Efficiently Handling Deletions in Nested Cosmos DB Data Structures with Azure Cognitive Search

96 Views Asked by At

How can I configure Azure Cognitive Search to detect and process deletions based on nested properties within a Cosmosdb document?

Description of the problem:

I'm currently integrating Azure Cognitive Search with a Cosmos DB collection that contains complex, nested documents like this:

{
   "name":"test name",
   "info":{
   "address":"test address",
   "isIndexing":"false"}
}

I want to synchronize the search index so that deletions based on the document's "isIndexing" property are reflected.  What I want to do is use the Data Deletion Detection Policy of Azure Cognitive Search, and for this reason, I created it like this:

"dataDeletionDetectionPolicy" : {
    "@odata.type": "#Microsoft.Azure.Search.SoftDeleteColumnDeletionDetectionPolicy",
    "softDeleteColumnName": "info.isIndexing",
    "softDeleteMarkerValue": "true"
}

so that the document should be deleted from the index if "isIndexing" property is true but this works properly if the "isIndexing" property is in the top level of the object, like here

{
   "name":"test name",
   "isIndexing":"false"
   "info":{
      "address":"test address"
   }
}

and the policy will be like that

"dataDeletionDetectionPolicy": {
    "@odata.type": "#Microsoft.Azure.Search.SoftDeleteColumnDeletionDetectionPolicy",
    "softDeleteColumnName": "isIndexing",
    "softDeleteMarkerValue": "true"
}

But I don't want to change the structure of the document in Cosmosdb, and I don't know if the deletion detection policy does not support dot notation for nested properties. This might be the reason the policy isn't working as expected, or Azure Cognitive Search's soft delete feature does not inherently support nested properties directly.

1

There are 1 best solutions below

0
Suresh Chikkam On

But I don't want to change the structure of the document in Cosmosdb, and I don't know if the deletion detection policy does not support dot notation for nested properties. This might be the reason the policy isn't working as expected

The soft delete functionality is designed to work with a single column for marking deletions.
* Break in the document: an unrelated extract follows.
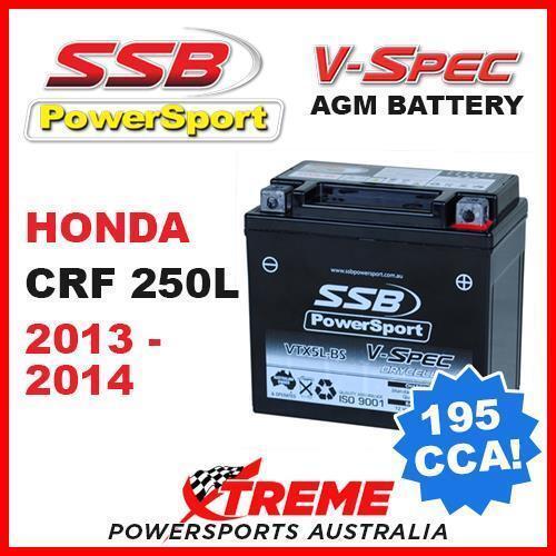 SSB 12V V-SPEC DRY CELL AGM 195 CCA BATTERY HONDA CRF250L CRF 250L 2013-2014 MX You are purchasing : SSB PowerSport V-Spec AGM Battery ( VTX5L-BS ) Suits: HONDA CRF 250L Years 2013-2014 Replaces: YTX5L-BS, YTZ7-S, GTZ7-S, YTZ7-S-BS, MBTZ7S Specifications: V-spec batteries are completely spill and leak proof, and can be used upside down. They are manufactured using Flame Retardant ABS Plastic, making them one of the most versatile and safest motorcycle batteries in Australia. V-spec batteries are genuine VRLA (Valve Regulated Lead Acid) are manufactured to comply with Australian and International standards including Quality Assurance Standard ISO 9001. To fit Honda CRF 250L 2013, 2014 models.

How can I configure Azure Cognitive Search to detect and process deletions based on nested properties within a Cosmosdb document?

Instead of relying on the soft delete feature, implement custom logic in your Azure Function to detect deletions based on the nested isIndexing property within the Cosmos DB documents.

  • Use the Azure Cosmos DB SDK to query documents and identify those that need to be deleted from the search index based on the isIndexing property.
using Microsoft.Azure.Documents;
using Microsoft.Azure.WebJobs;
using Microsoft.Extensions.Logging;
using Microsoft.Azure.Search;
using Microsoft.Azure.Search.Models;

public static class CosmosDBTriggerFunction
{
    [FunctionName("CosmosDBTriggerFunction")]
    public static async Task Run(
        [CosmosDBTrigger(
            databaseName: "YourDatabaseName",
            collectionName: "YourCollectionName",
            ConnectionStringSetting = "CosmosDBConnectionString",
            CreateLeaseCollectionIfNotExists = true)] IReadOnlyList<Document> documents,
        ILogger log)
    {
        if (documents != null && documents.Count > 0)
        {
            var searchServiceName = "YourSearchServiceName";
            var indexName = "YourIndexName";
            var searchApiKey = "YourSearchServiceApiKey";

            SearchIndexClient searchClient = new SearchIndexClient(searchServiceName, indexName, new SearchCredentials(searchApiKey));
            ISearchIndexClient indexClient = searchClient.Indexes.GetClient(indexName);

            foreach (var doc in documents)
            {
                // Check the value of the isIndexing property
                bool isIndexing = doc.GetPropertyValue<bool>("info.isIndexing");

                if (isIndexing)
                {
                    var documentId = doc.GetPropertyValue<string>("id");

                    try
                    {
                        await indexClient.Documents.DeleteAsync(documentId);
                        log.LogInformation($"Document with ID {documentId} marked as deleted in Azure Cognitive Search.");
                    }
                    catch (Exception ex)
                    {
                        log.LogError($"Error deleting document with ID {documentId} from Azure Cognitive Search: {ex.Message}");
                    }
                }
            }
        }
    }
}
  • When a document is identified for deletion, use the Azure Cognitive Search SDK or REST API to update the search index accordingly. Then delete the corresponding document from the search index based on its unique identifier.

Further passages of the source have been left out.